→ Data block
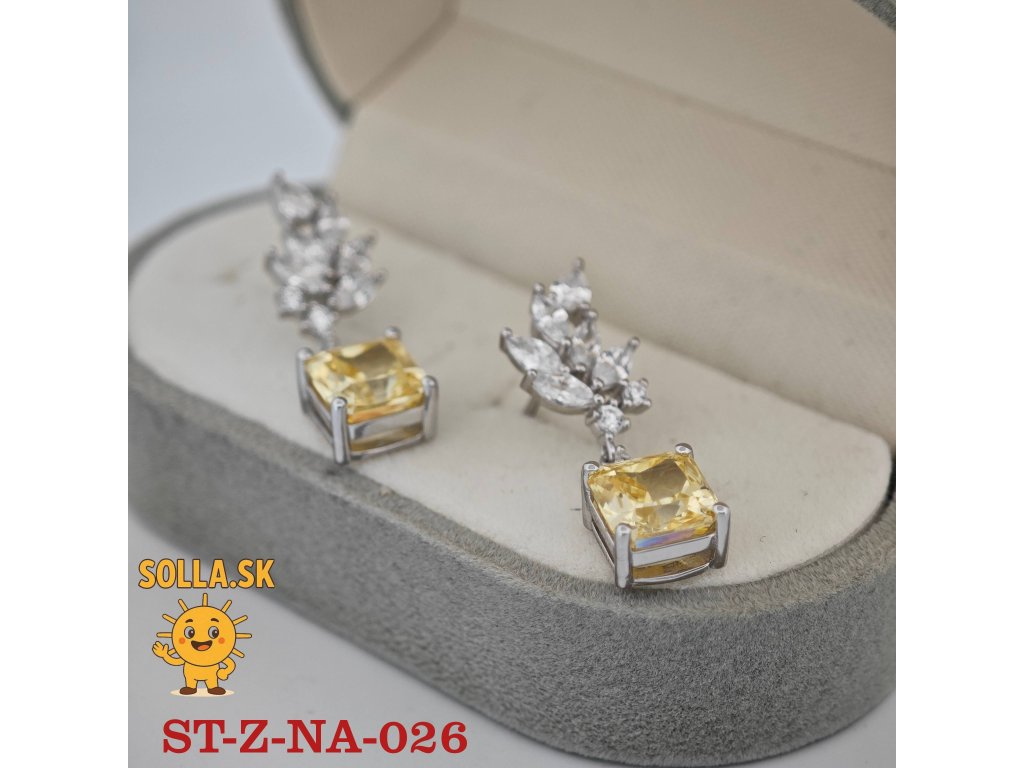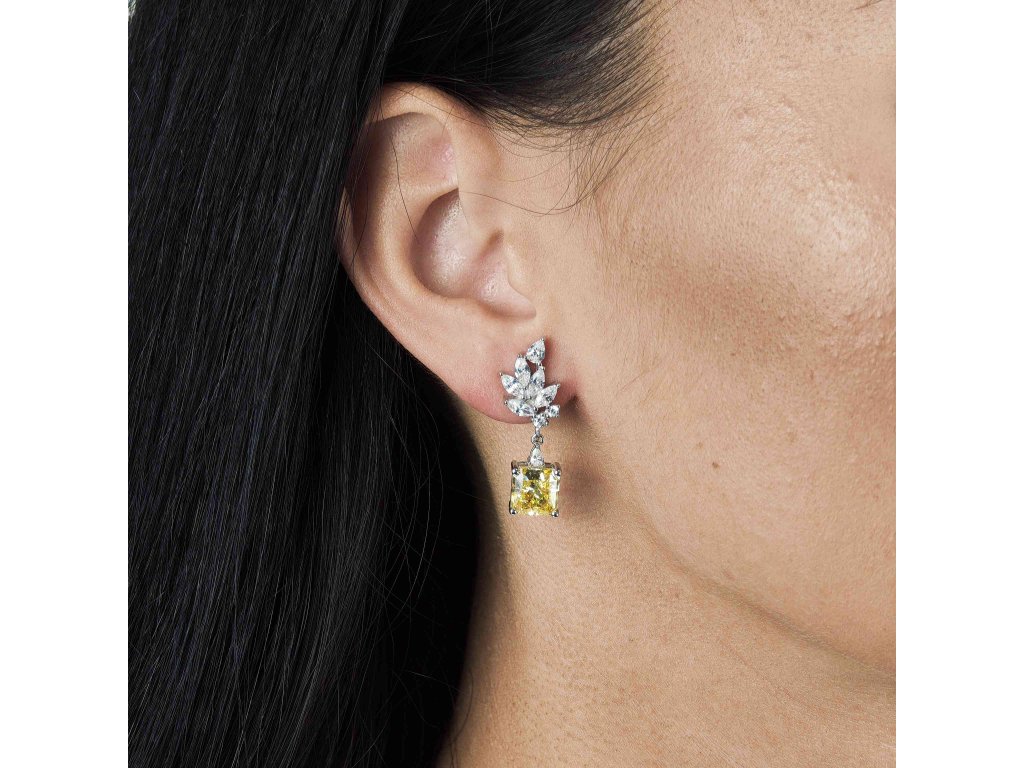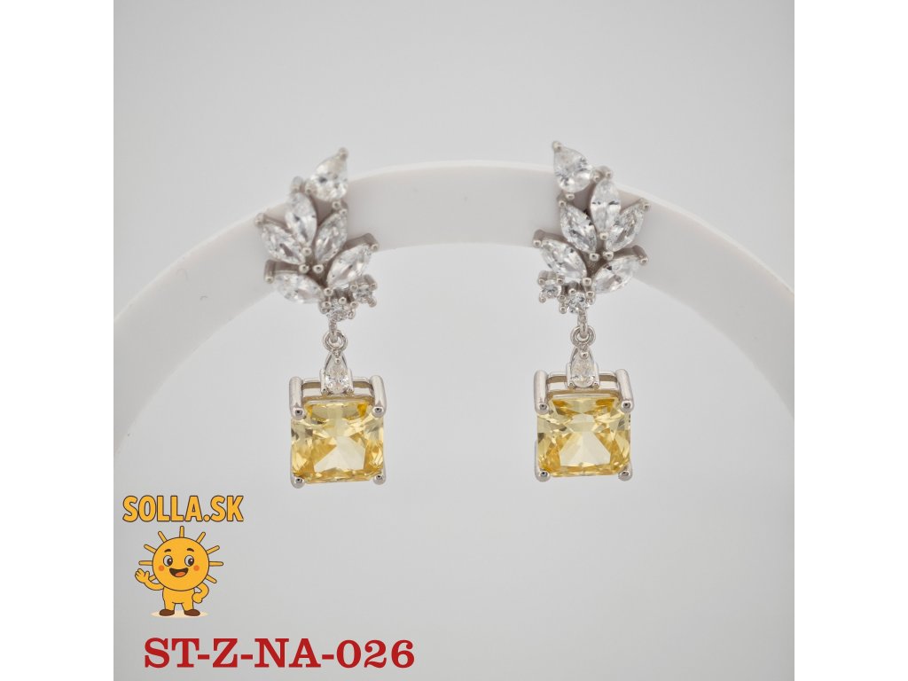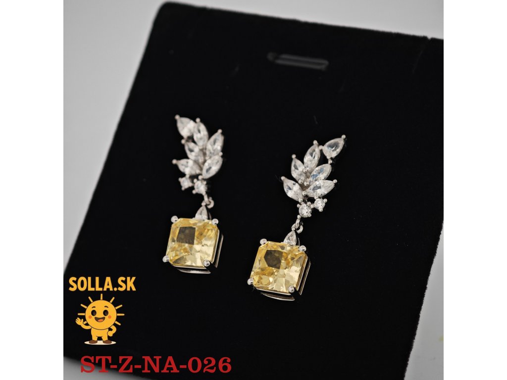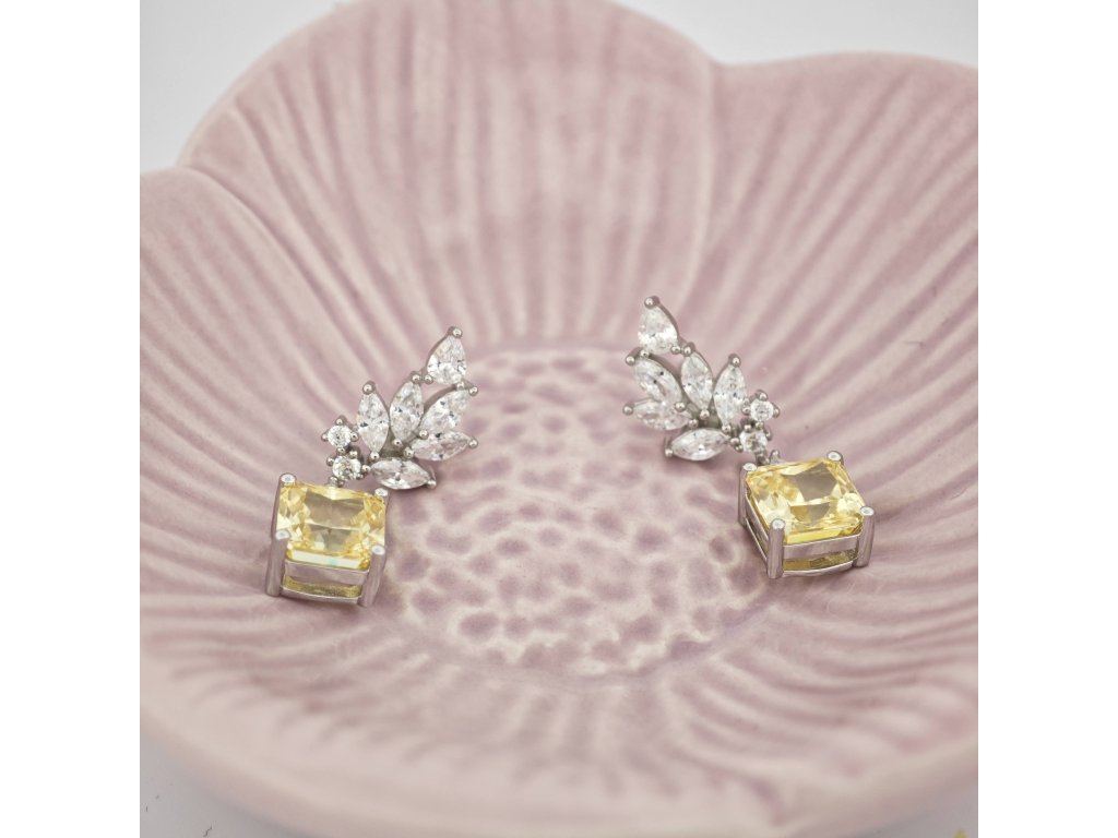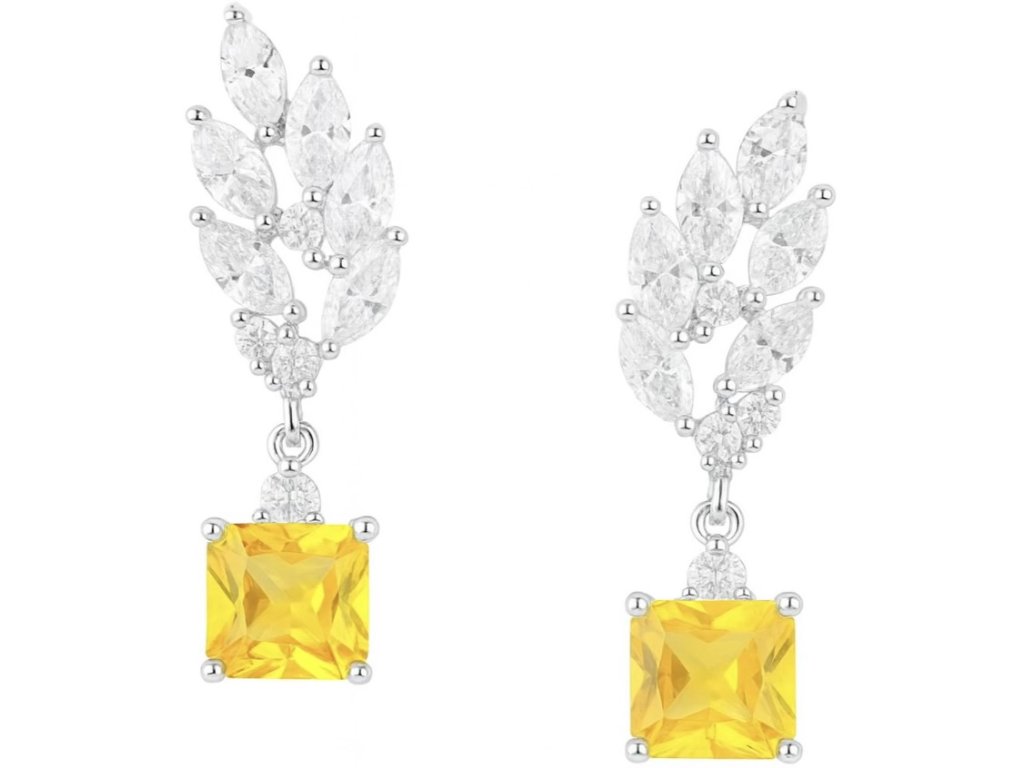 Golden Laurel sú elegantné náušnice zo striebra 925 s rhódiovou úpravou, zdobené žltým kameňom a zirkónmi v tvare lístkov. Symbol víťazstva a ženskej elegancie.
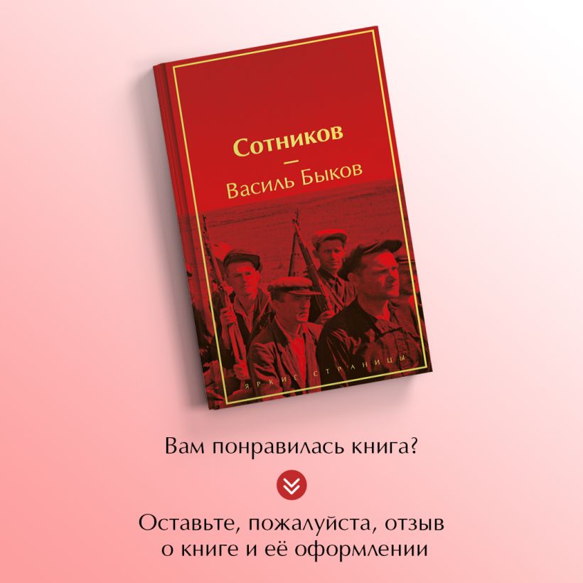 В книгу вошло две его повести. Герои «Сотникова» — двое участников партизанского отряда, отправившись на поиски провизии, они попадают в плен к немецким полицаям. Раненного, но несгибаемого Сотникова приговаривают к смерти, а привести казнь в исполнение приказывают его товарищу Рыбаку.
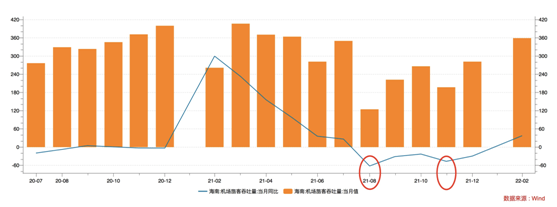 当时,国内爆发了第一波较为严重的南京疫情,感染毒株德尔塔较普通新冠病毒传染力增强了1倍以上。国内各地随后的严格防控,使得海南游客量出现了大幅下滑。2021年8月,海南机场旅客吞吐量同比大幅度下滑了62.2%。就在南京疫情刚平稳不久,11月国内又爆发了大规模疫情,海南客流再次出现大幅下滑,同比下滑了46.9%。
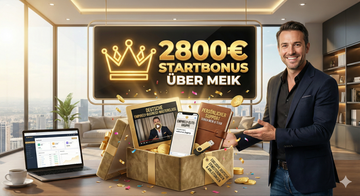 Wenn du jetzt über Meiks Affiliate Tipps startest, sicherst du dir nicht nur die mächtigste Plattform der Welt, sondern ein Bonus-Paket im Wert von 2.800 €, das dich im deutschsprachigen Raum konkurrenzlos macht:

→ Exercise prompt
Every line above should be repeated exactly; pictures stay out of the copy.

→ Answer for this exercise
 Golden Laurel sú elegantné náušnice zo striebra 925 s rhódiovou úpravou, zdobené žltým kameňom a zirkónmi v tvare lístkov. Symbol víťazstva a ženskej elegancie.
 В книгу вошло две его повести. Герои «Сотникова» — двое участников партизанского отряда, отправившись на поиски провизии, они попадают в плен к немецким полицаям. Раненного, но несгибаемого Сотникова приговаривают к смерти, а привести казнь в исполнение приказывают его товарищу Рыбаку.
 当时,国内爆发了第一波较为严重的南京疫情,感染毒株德尔塔较普通新冠病毒传染力增强了1倍以上。国内各地随后的严格防控,使得海南游客量出现了大幅下滑。2021年8月,海南机场旅客吞吐量同比大幅度下滑了62.2%。就在南京疫情刚平稳不久,11月国内又爆发了大规模疫情,海南客流再次出现大幅下滑,同比下滑了46.9%。
 Wenn du jetzt über Meiks Affiliate Tipps startest, sicherst du dir nicht nur die mächtigste Plattform der Welt, sondern ein Bonus-Paket im Wert von 2.800 €, das dich im deutschsprachigen Raum konkurrenzlos macht:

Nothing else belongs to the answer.